:: Brief ::
Without changing a word, repeat the data, and include no pictures.
■ ■ ■
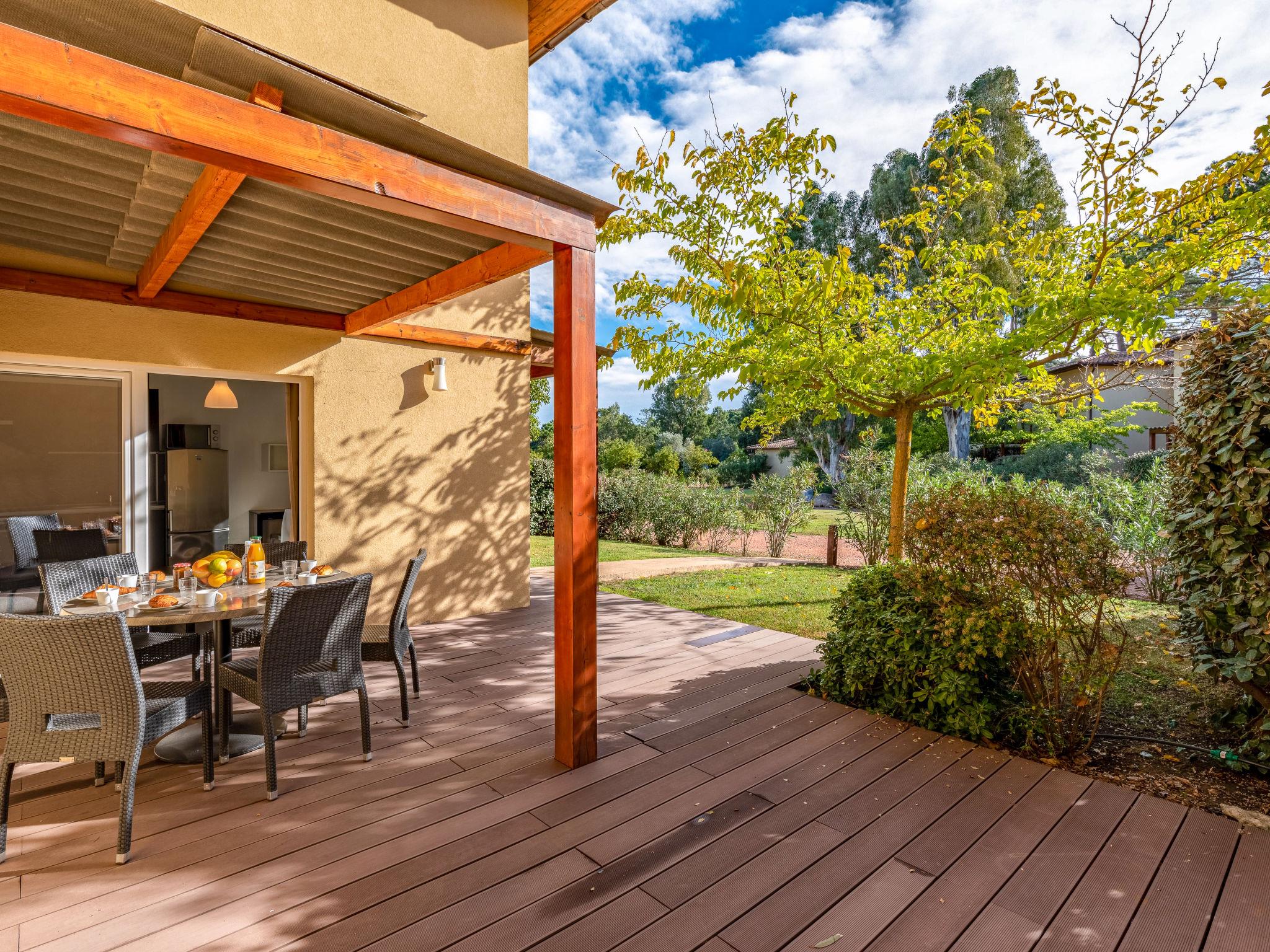 Resort "Marina di Favone", 2 storeys. 3 houses in the residence. 18 apartments in the residence. 300 m from the centre of Favone, 10 km from the centre of Solenzara, 116 km from the centre of Bastia, 200 m from the sea, road to cross. For shared use: property 15'000 m2 with plants and trees, meadow, swimming pool (14 x 7 m, seasonal availability: 30.Apr. - 31.Oct. pool opening hours: 09:00-20:00). WC in the pool area, outdoor shower, hot tub, boccia, terrace, garden furniture (slide, swing). In the complex: reception, bar, WiFi, washing machine, tumble dryer (for shared use). Parking on the premises. E-charging station. Shop 10 km, bus stop 350 m, sandy beach "Plage de Favone" 200 m. Minigolf 100 m. Nearby attractions: Porto-Vecchio 28 km, Plage de Santa Giulia 36 km, Plage de Palombaggia 37 km, Bonifacio 55 km. Please note: car recommended. The photograph shows a typical example.
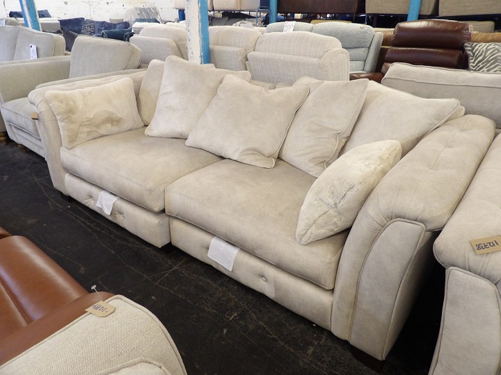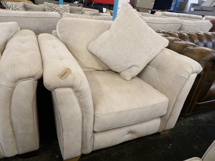 A generous chunky 4 seater sofa paired with a matching cuddle chair, finished in a soft cream fabric. Designed for maximum comfort with deep seats, plush cushioning and wide arms, this suite is perfect for relaxing and stretching out in style.
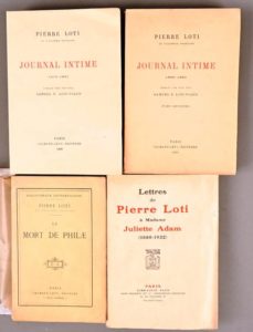 LOTI Pierre LOTI Pierre Lettres de Pierre Loti à Madame Juliette Adam (1880-1922) Paris, Plon, 1924 In-12°, broché Édition originale. 1/50 exemplaires sur Madagascar réservés au journal « Le Figaro ». On joint du même : - Journal intime Paris, Calmann-Lévy, 1926-30, 2 tomes In-12°, broché. Rousseurs au tome 1 et fente en queue du mors du 1er plat du tome 2. Édition originale. Ex. sur vélin du Marais. - La Mort de Philae Paris, Calmann-Lévy, [1908] In-12°, broché. Petits défauts aux coiffes. Édition originale sur papier d’édition.
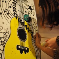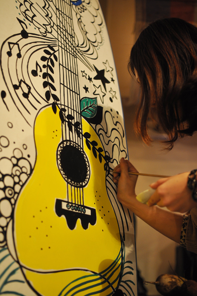 キャンバスはお知り合い所有のサーフボード。立て掛けた状態にも関わらず、曲線の筆裁きも滑らか。約3時間でギターを洋梨に見立てた作品が完成! このボード、てっきりお店に飾るのかと思ったら、後日クリア塗装して本当に使用するそうです。自分の作品が波に乗るなんて素敵だね!
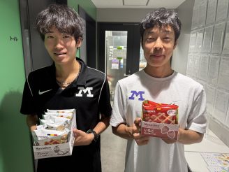 乙守選手(3)のご家族よりお菓子の差し入れをいただきました。 -
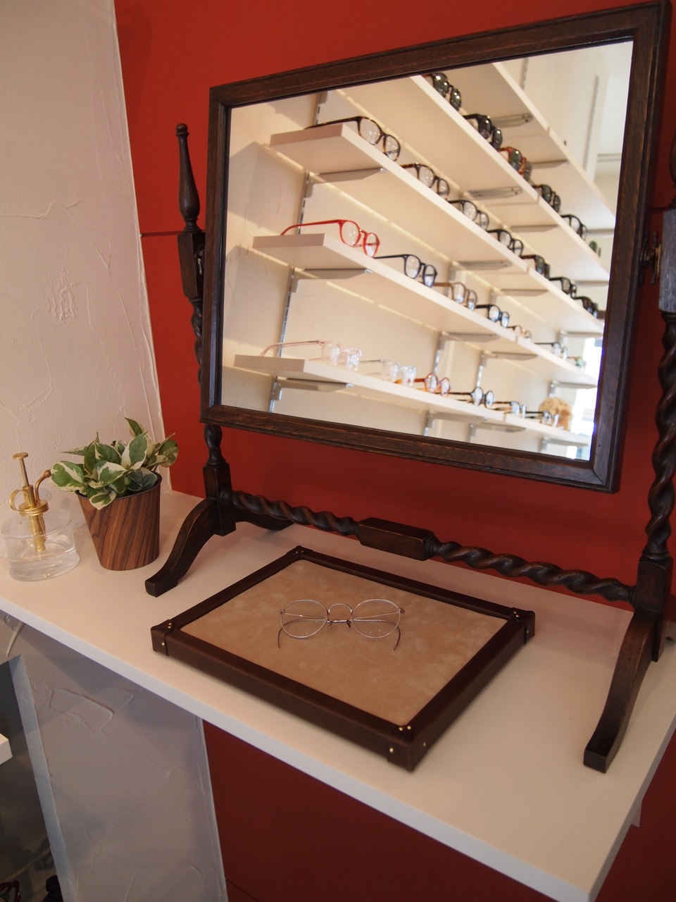 掛けている眼鏡を置いたり、選んでいる最中の眼鏡を幾つか置いたり・・・・。
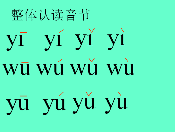 3、掌握i、u、ü、yi、wu、yu的四声,能直接读出它们带调的音。
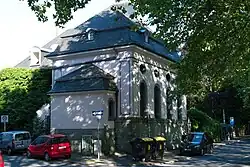 Die mit ihrem Fundament in die Straßenecke Hochstraße/Malerstraße in die Friedhofsmauer integrierte Kapelle ist ein eingeschossiger Kapellenbau in Massivbauweise mit angrenzendem zweigeschossigen Gebäudekomplex an der Malerstraße. Das durchweg im Stil des Bergischen Neobarock erbaute Gebäude ist auf einen verhältnismäßig hohen Gebäudesockel gesetzt, welcher aus grob behauenem Quadersandstein errichtet wurde. Ein Choranbau befindet sich an der Nordseite der Kapelle zur Malerstraße hin versetzt. Gegliedert wird das nach Norden ausgerichtete Gebäude von vier hohen, abgerundeten Fenstern an der Westseite, wohingegen an der Ostseite der Kapelle der zweigeschossige Gebäudekomplex angrenzt. Die vier Fenster werden jeweils noch von einem Rundfenster gekrönt, welche wiederum von einem Karniesbogen abgeschlossen werden. An die Südseite vorgezogen befindet sich auf dem schiefergedeckten Mansarddach ein kleiner Dachreiter mit vier Schallöffnungen, welcher eine einfache Glocke mit dem Schlagton f2 beherbergt.
■ ■ ■
:: Response to the exercise ::
 Resort "Marina di Favone", 2 storeys. 3 houses in the residence. 18 apartments in the residence. 300 m from the centre of Favone, 10 km from the centre of Solenzara, 116 km from the centre of Bastia, 200 m from the sea, road to cross. For shared use: property 15'000 m2 with plants and trees, meadow, swimming pool (14 x 7 m, seasonal availability: 30.Apr. - 31.Oct. pool opening hours: 09:00-20:00). WC in the pool area, outdoor shower, hot tub, boccia, terrace, garden furniture (slide, swing). In the complex: reception, bar, WiFi, washing machine, tumble dryer (for shared use). Parking on the premises. E-charging station. Shop 10 km, bus stop 350 m, sandy beach "Plage de Favone" 200 m. Minigolf 100 m. Nearby attractions: Porto-Vecchio 28 km, Plage de Santa Giulia 36 km, Plage de Palombaggia 37 km, Bonifacio 55 km. Please note: car recommended. The photograph shows a typical example.
 A generous chunky 4 seater sofa paired with a matching cuddle chair, finished in a soft cream fabric. Designed for maximum comfort with deep seats, plush cushioning and wide arms, this suite is perfect for relaxing and stretching out in style.
 LOTI Pierre LOTI Pierre Lettres de Pierre Loti à Madame Juliette Adam (1880-1922) Paris, Plon, 1924 In-12°, broché Édition originale. 1/50 exemplaires sur Madagascar réservés au journal « Le Figaro ». On joint du même : - Journal intime Paris, Calmann-Lévy, 1926-30, 2 tomes In-12°, broché. Rousseurs au tome 1 et fente en queue du mors du 1er plat du tome 2. Édition originale. Ex. sur vélin du Marais. - La Mort de Philae Paris, Calmann-Lévy, [1908] In-12°, broché. Petits défauts aux coiffes. Édition originale sur papier d’édition.
 キャンバスはお知り合い所有のサーフボード。立て掛けた状態にも関わらず、曲線の筆裁きも滑らか。約3時間でギターを洋梨に見立てた作品が完成! このボード、てっきりお店に飾るのかと思ったら、後日クリア塗装して本当に使用するそうです。自分の作品が波に乗るなんて素敵だね!
 乙守選手(3)のご家族よりお菓子の差し入れをいただきました。 -
 掛けている眼鏡を置いたり、選んでいる最中の眼鏡を幾つか置いたり・・・・。
 3、掌握i、u、ü、yi、wu、yu的四声,能直接读出它们带调的音。
 Die mit ihrem Fundament in die Straßenecke Hochstraße/Malerstraße in die Friedhofsmauer integrierte Kapelle ist ein eingeschossiger Kapellenbau in Massivbauweise mit angrenzendem zweigeschossigen Gebäudekomplex an der Malerstraße. Das durchweg im Stil des Bergischen Neobarock erbaute Gebäude ist auf einen verhältnismäßig hohen Gebäudesockel gesetzt, welcher aus grob behauenem Quadersandstein errichtet wurde. Ein Choranbau befindet sich an der Nordseite der Kapelle zur Malerstraße hin versetzt. Gegliedert wird das nach Norden ausgerichtete Gebäude von vier hohen, abgerundeten Fenstern an der Westseite, wohingegen an der Ostseite der Kapelle der zweigeschossige Gebäudekomplex angrenzt. Die vier Fenster werden jeweils noch von einem Rundfenster gekrönt, welche wiederum von einem Karniesbogen abgeschlossen werden. An die Südseite vorgezogen befindet sich auf dem schiefergedeckten Mansarddach ein kleiner Dachreiter mit vier Schallöffnungen, welcher eine einfache Glocke mit dem Schlagton f2 beherbergt.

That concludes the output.